» **REQUIRED ACTION**: Go to the line below that has "除了館藏上萬件玩具之外,蘇玩", print it and each line after it exactly, and stop after the line that has "Super cute JCrew"; leave out pictures.

[[ THE DATA, beginning ]]

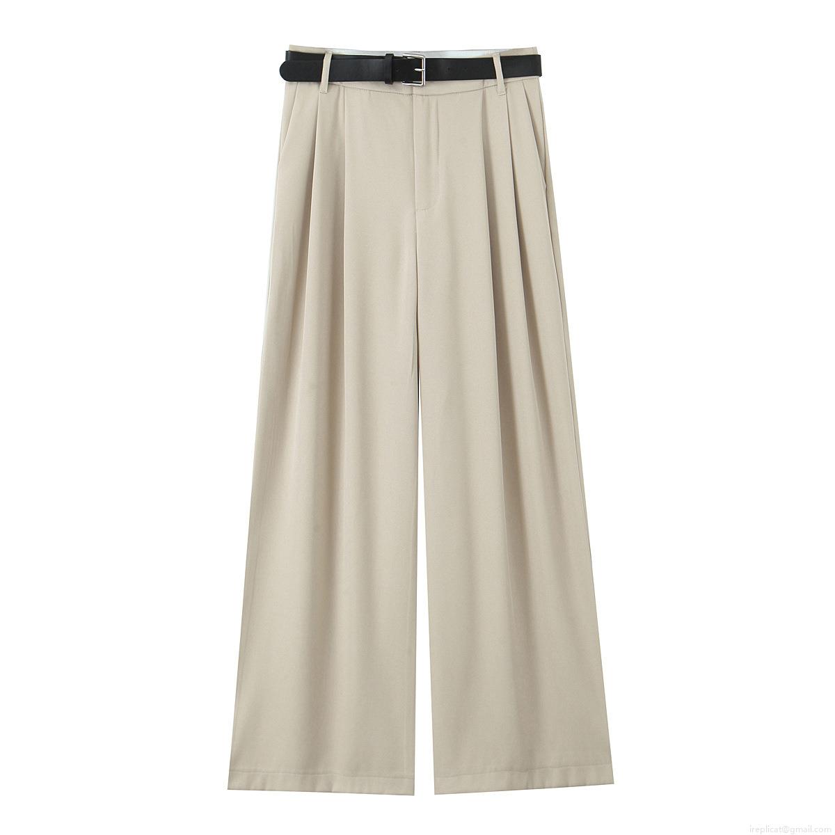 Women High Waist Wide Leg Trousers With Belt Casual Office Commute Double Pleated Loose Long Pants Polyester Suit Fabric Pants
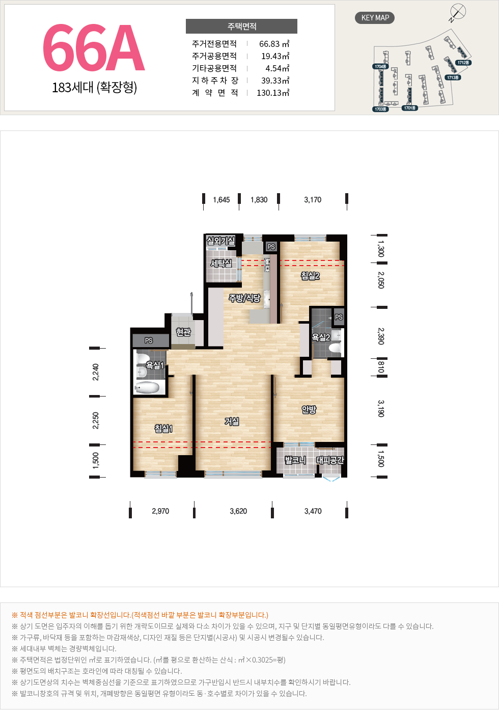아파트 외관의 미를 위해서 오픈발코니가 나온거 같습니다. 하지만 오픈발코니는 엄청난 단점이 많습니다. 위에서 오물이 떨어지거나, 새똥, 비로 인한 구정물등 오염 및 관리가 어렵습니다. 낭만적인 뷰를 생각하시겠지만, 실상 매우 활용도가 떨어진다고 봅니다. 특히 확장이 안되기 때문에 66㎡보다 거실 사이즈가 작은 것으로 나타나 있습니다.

[[ THE DATA, end ]]
[[ THE DATA, beginning ]]

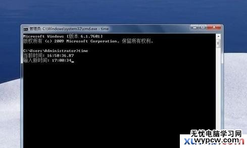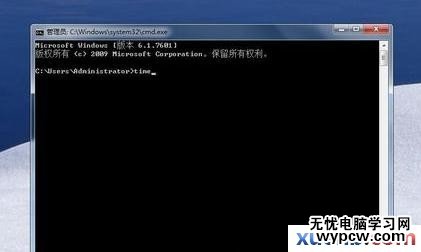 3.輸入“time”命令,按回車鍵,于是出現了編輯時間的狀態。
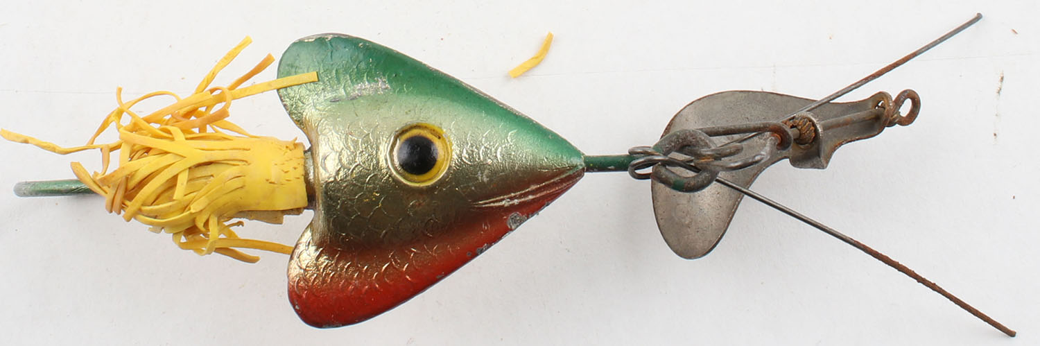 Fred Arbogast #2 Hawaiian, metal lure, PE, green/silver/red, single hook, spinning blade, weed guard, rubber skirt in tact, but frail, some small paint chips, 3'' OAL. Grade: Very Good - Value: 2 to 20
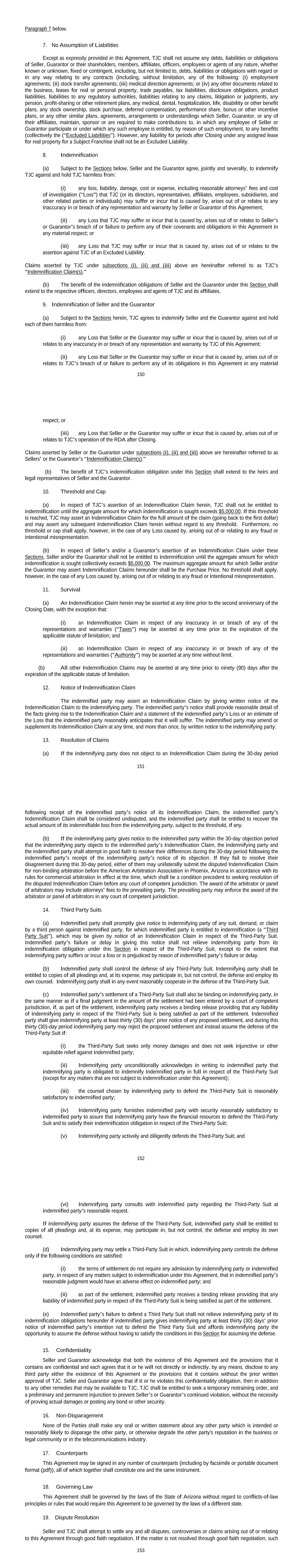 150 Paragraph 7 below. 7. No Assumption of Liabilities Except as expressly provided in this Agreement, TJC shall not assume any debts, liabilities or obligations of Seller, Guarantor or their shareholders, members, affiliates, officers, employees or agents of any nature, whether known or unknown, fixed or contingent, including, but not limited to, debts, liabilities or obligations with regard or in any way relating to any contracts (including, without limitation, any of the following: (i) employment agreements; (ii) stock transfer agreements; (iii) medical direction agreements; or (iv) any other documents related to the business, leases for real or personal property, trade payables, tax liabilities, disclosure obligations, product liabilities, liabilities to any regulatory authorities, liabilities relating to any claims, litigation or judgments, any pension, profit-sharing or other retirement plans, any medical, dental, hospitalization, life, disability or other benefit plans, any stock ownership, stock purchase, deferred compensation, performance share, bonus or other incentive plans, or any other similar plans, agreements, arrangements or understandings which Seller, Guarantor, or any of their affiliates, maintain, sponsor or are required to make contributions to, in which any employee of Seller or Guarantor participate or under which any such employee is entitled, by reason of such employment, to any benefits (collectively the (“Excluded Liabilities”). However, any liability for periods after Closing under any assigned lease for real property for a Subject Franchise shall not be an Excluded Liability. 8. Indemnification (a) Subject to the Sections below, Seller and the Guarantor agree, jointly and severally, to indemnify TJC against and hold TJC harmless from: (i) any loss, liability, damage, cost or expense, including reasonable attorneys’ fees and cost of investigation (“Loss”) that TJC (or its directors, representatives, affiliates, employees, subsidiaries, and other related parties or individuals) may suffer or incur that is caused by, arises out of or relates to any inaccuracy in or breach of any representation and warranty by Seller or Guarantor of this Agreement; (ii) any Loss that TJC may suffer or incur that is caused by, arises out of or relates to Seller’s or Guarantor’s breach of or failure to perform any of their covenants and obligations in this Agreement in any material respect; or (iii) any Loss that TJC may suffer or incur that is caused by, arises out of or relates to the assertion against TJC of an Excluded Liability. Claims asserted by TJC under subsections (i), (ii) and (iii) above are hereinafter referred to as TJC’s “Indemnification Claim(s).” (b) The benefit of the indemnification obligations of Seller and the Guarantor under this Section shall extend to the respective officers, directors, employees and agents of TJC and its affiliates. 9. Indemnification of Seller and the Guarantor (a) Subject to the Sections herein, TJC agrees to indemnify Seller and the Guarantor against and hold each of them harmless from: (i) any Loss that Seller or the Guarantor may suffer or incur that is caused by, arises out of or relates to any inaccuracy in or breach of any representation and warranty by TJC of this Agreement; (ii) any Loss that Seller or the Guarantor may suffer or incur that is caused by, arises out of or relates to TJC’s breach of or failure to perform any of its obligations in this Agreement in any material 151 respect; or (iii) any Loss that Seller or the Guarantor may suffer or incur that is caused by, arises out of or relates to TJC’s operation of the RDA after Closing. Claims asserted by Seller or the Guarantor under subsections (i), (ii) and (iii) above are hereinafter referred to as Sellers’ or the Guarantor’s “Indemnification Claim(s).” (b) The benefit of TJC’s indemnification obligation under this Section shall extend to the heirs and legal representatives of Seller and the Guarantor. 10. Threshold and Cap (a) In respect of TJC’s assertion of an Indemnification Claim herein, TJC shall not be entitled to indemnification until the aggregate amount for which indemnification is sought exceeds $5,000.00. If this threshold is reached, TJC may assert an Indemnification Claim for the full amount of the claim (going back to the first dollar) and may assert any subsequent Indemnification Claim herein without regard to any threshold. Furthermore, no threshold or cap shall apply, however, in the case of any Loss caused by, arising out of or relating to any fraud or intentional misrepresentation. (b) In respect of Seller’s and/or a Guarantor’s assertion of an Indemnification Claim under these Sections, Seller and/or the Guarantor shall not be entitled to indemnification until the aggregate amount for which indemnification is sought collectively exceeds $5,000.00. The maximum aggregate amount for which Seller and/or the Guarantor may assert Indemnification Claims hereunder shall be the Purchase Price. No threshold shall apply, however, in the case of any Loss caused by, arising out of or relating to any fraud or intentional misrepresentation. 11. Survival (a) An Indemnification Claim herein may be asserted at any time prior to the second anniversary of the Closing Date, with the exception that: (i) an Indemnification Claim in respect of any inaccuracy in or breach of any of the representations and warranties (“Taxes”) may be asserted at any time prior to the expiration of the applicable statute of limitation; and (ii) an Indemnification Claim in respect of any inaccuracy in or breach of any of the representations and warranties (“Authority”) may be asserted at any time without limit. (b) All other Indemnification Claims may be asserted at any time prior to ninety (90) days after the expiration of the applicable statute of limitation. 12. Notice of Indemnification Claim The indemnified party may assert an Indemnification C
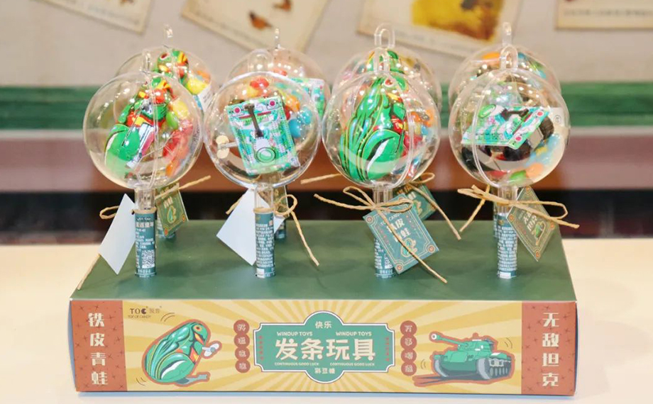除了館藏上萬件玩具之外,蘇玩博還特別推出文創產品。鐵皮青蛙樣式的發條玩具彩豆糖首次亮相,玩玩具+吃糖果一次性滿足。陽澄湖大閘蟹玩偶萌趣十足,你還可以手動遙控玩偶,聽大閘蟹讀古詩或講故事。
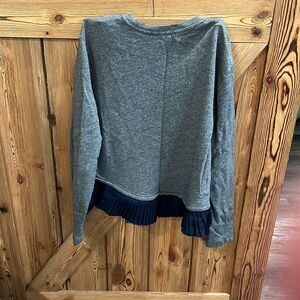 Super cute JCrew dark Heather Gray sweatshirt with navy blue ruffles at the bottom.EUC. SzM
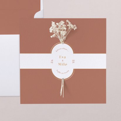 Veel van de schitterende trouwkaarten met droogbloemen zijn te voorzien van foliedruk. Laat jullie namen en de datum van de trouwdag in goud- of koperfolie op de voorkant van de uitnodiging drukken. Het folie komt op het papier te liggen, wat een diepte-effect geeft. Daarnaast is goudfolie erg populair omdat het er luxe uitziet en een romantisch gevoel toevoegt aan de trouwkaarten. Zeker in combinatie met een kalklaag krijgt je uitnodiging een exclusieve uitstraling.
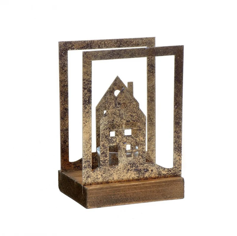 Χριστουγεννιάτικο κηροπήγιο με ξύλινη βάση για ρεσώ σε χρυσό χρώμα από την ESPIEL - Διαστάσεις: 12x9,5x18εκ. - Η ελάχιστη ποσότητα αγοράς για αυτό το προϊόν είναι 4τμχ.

[[ THE DATA, end ]]

» **SOLUTION TO THIS PROBLEM**:
除了館藏上萬件玩具之外,蘇玩博還特別推出文創產品。鐵皮青蛙樣式的發條玩具彩豆糖首次亮相,玩玩具+吃糖果一次性滿足。陽澄湖大閘蟹玩偶萌趣十足,你還可以手動遙控玩偶,聽大閘蟹讀古詩或講故事。
 Super cute JCrew dark Heather Gray sweatshirt with navy blue ruffles at the bottom.EUC. SzM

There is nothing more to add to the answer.